* Problem statement *
Copy exactly the lines of the data below, beginning with the line with "It’s been said" and ending with the line with "Costway Full/Queen Size". Pictures are to be omitted.

* Materials provided *
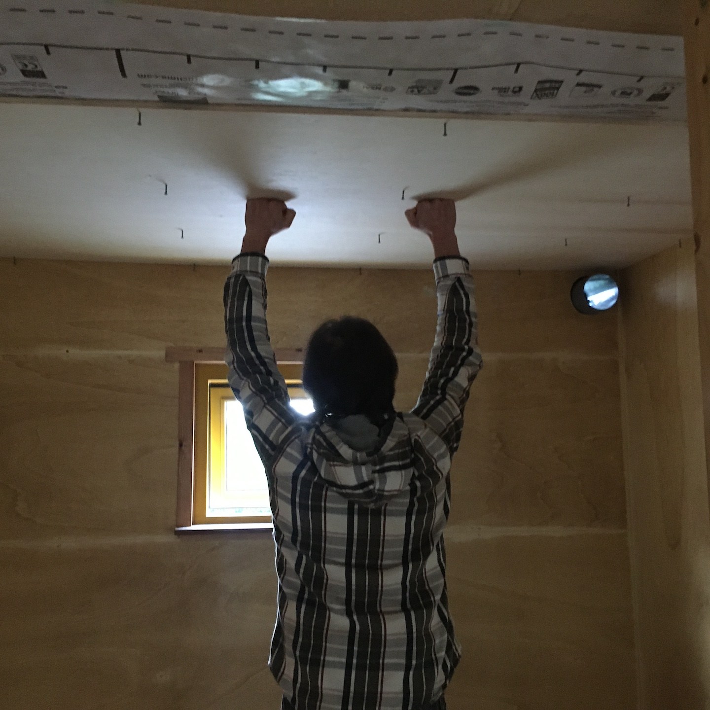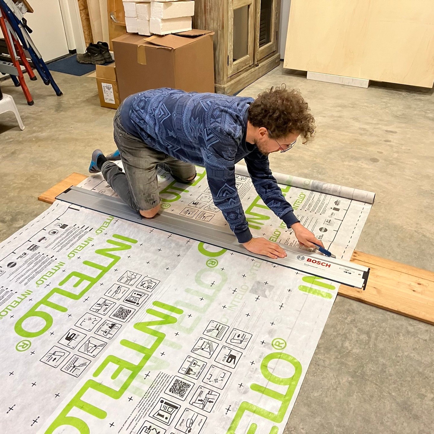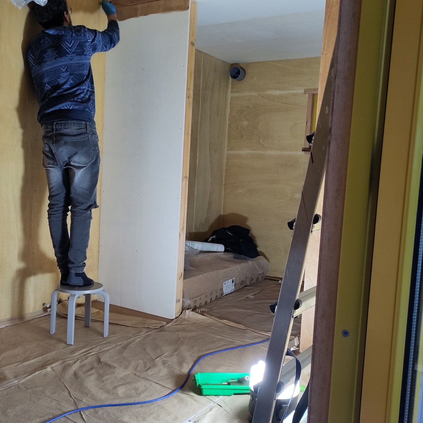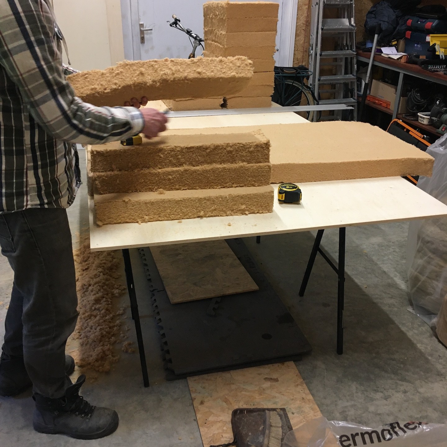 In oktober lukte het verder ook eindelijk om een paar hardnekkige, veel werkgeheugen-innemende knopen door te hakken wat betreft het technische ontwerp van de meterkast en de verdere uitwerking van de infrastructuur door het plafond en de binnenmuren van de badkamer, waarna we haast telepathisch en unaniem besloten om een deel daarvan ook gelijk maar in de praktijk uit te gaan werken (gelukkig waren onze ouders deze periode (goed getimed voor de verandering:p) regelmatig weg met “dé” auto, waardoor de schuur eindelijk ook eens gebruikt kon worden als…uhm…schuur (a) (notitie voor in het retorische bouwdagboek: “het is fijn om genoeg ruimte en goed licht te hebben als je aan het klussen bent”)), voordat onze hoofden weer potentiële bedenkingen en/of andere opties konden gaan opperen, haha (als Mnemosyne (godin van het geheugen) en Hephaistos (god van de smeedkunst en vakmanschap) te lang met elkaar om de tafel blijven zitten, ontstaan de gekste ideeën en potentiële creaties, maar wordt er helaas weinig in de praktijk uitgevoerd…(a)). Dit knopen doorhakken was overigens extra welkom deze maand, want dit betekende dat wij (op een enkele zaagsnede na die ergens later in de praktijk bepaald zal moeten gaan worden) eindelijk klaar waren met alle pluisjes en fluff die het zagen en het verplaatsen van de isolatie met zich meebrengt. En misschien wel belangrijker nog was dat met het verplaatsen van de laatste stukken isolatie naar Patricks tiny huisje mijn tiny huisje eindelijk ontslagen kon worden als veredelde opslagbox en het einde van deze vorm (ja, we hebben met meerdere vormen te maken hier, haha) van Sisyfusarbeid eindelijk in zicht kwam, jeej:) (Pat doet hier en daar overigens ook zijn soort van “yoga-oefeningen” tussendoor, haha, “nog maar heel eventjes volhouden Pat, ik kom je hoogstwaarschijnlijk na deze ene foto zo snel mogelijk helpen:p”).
--
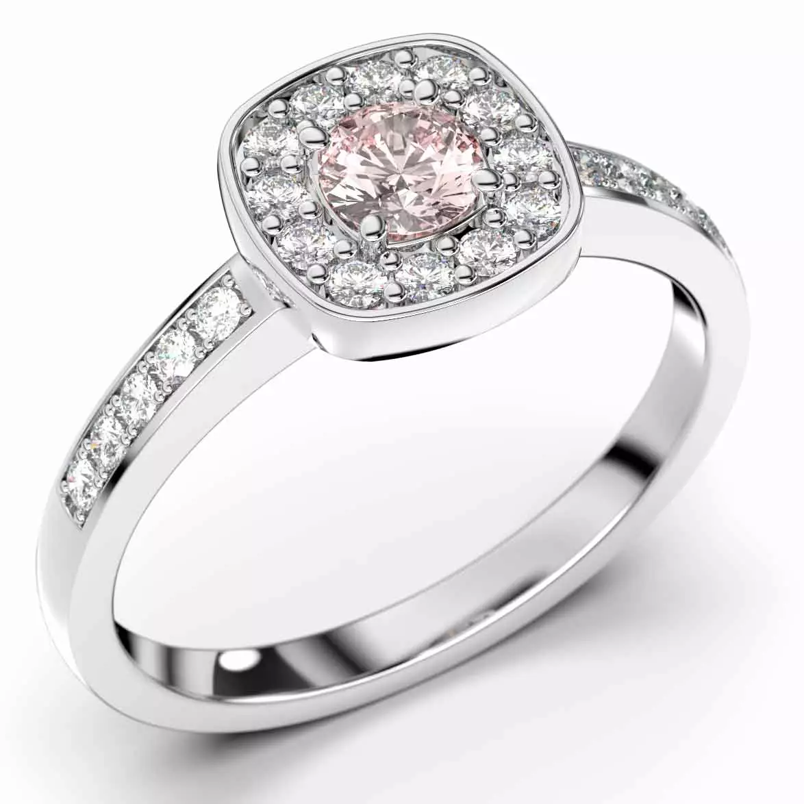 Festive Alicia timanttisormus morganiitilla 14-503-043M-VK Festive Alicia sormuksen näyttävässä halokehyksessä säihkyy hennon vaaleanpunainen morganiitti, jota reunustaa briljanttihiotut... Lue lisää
==
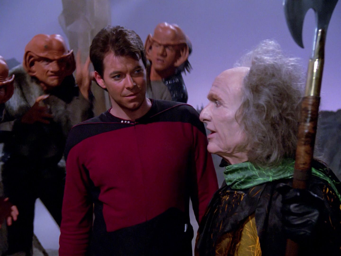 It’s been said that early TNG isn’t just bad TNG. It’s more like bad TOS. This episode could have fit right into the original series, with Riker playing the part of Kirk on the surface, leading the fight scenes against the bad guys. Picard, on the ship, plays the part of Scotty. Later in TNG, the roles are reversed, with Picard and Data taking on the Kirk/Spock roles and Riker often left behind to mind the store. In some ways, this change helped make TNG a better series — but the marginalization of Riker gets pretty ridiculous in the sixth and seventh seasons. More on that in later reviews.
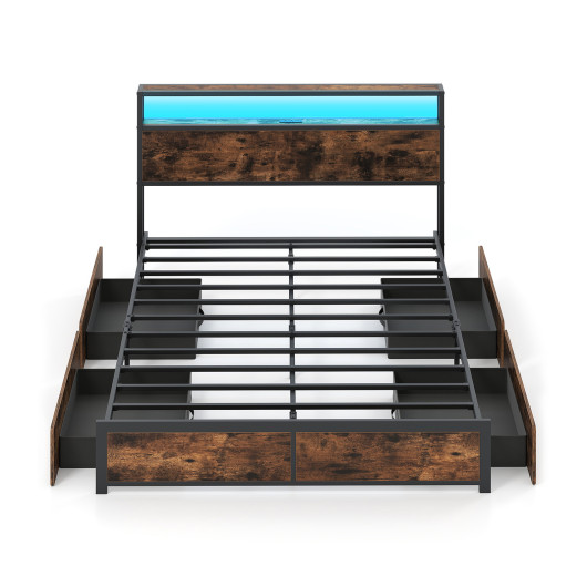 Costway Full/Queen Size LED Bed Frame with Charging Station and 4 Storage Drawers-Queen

* Worked solution *
 It’s been said that early TNG isn’t just bad TNG. It’s more like bad TOS. This episode could have fit right into the original series, with Riker playing the part of Kirk on the surface, leading the fight scenes against the bad guys. Picard, on the ship, plays the part of Scotty. Later in TNG, the roles are reversed, with Picard and Data taking on the Kirk/Spock roles and Riker often left behind to mind the store. In some ways, this change helped make TNG a better series — but the marginalization of Riker gets pretty ridiculous in the sixth and seventh seasons. More on that in later reviews.
 Costway Full/Queen Size LED Bed Frame with Charging Station and 4 Storage Drawers-Queen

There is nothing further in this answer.